BRIEF — All of the data, except its images, should be set down exactly as it appears.

-- SUPPLIED DATA follows --

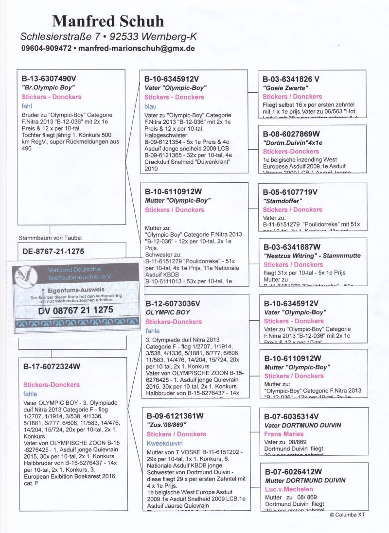 DV-08767-21-1275 ** TOP ** bart OLYMPIC BOY x CÓRKA OLIMPIC BOY - 3. gołąb w kat. F Olimpiada Nitra 2013, Manfred Schuh
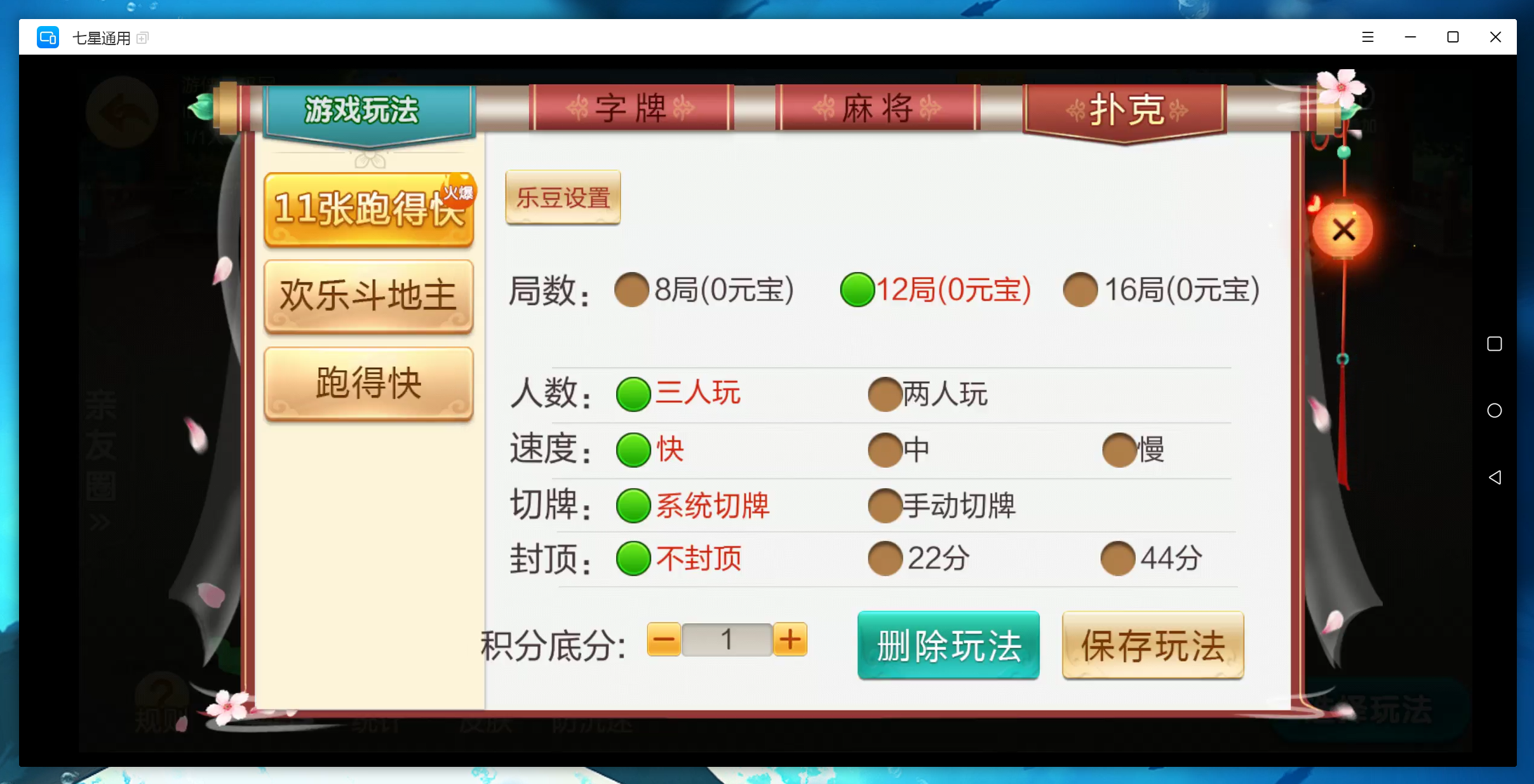 这个端有普通房卡形式,乐豆形式,角逐形式还额外加了防沉迷形式。很是适合运营的产物。
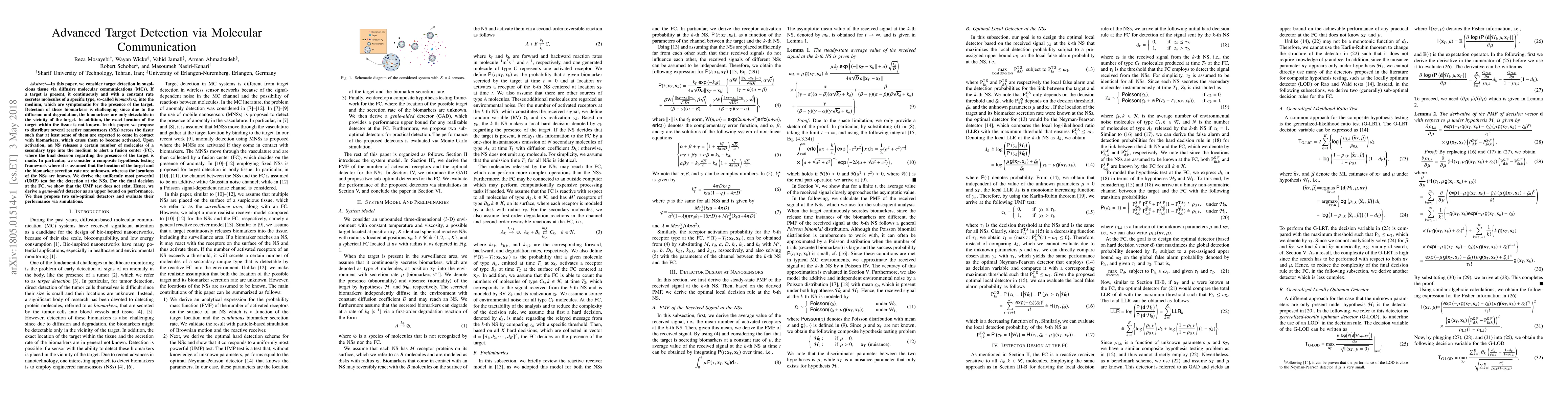 In this paper, we consider target detection in suspicious tissue via diffusive molecular communications (MCs). If a target is present, it continuously and with a constant rate secretes molecules of a specific type, so-called biomarkers, into the medium, which are symptomatic for the presence of the target. Detection of these biomarkers is challenging since due to the diffusion and degradation, the biomarkers are only detectable in the vicinity of the target. In addition, the exact location of the target within the tissue is not known. In this paper, we propose to distribute several reactive nanosensors (NSs) across the tissue such that at least some of them are expected to come in contact with biomarkers, which cause them to become activated. Upon activation, an NS releases a certain number of molecules of a secondary type into the medium to alert a fusion center (FC), where the final decision regarding the presence of the target is made. In particular, we consider a composite hypothesis testing framework where it is assumed that the location of the target and the biomarker secretion rate are unknown, whereas the locations of the NSs are known. We derive the uniformly most powerful (UMP) test for the detection at the NSs. For the final decision at the FC, we show that the UMP test does not exist. Hence, we derive a genie-aided detector as an upper bound on performance. We then propose two sub-optimal detectors and evaluate their performance via simulations

-- SUPPLIED DATA concluded --

ANSWER BOX —
 DV-08767-21-1275 ** TOP ** bart OLYMPIC BOY x CÓRKA OLIMPIC BOY - 3. gołąb w kat. F Olimpiada Nitra 2013, Manfred Schuh
 这个端有普通房卡形式,乐豆形式,角逐形式还额外加了防沉迷形式。很是适合运营的产物。
 In this paper, we consider target detection in suspicious tissue via diffusive molecular communications (MCs). If a target is present, it continuously and with a constant rate secretes molecules of a specific type, so-called biomarkers, into the medium, which are symptomatic for the presence of the target. Detection of these biomarkers is challenging since due to the diffusion and degradation, the biomarkers are only detectable in the vicinity of the target. In addition, the exact location of the target within the tissue is not known. In this paper, we propose to distribute several reactive nanosensors (NSs) across the tissue such that at least some of them are expected to come in contact with biomarkers, which cause them to become activated. Upon activation, an NS releases a certain number of molecules of a secondary type into the medium to alert a fusion center (FC), where the final decision regarding the presence of the target is made. In particular, we consider a composite hypothesis testing framework where it is assumed that the location of the target and the biomarker secretion rate are unknown, whereas the locations of the NSs are known. We derive the uniformly most powerful (UMP) test for the detection at the NSs. For the final decision at the FC, we show that the UMP test does not exist. Hence, we derive a genie-aided detector as an upper bound on performance. We then propose two sub-optimal detectors and evaluate their performance via simulations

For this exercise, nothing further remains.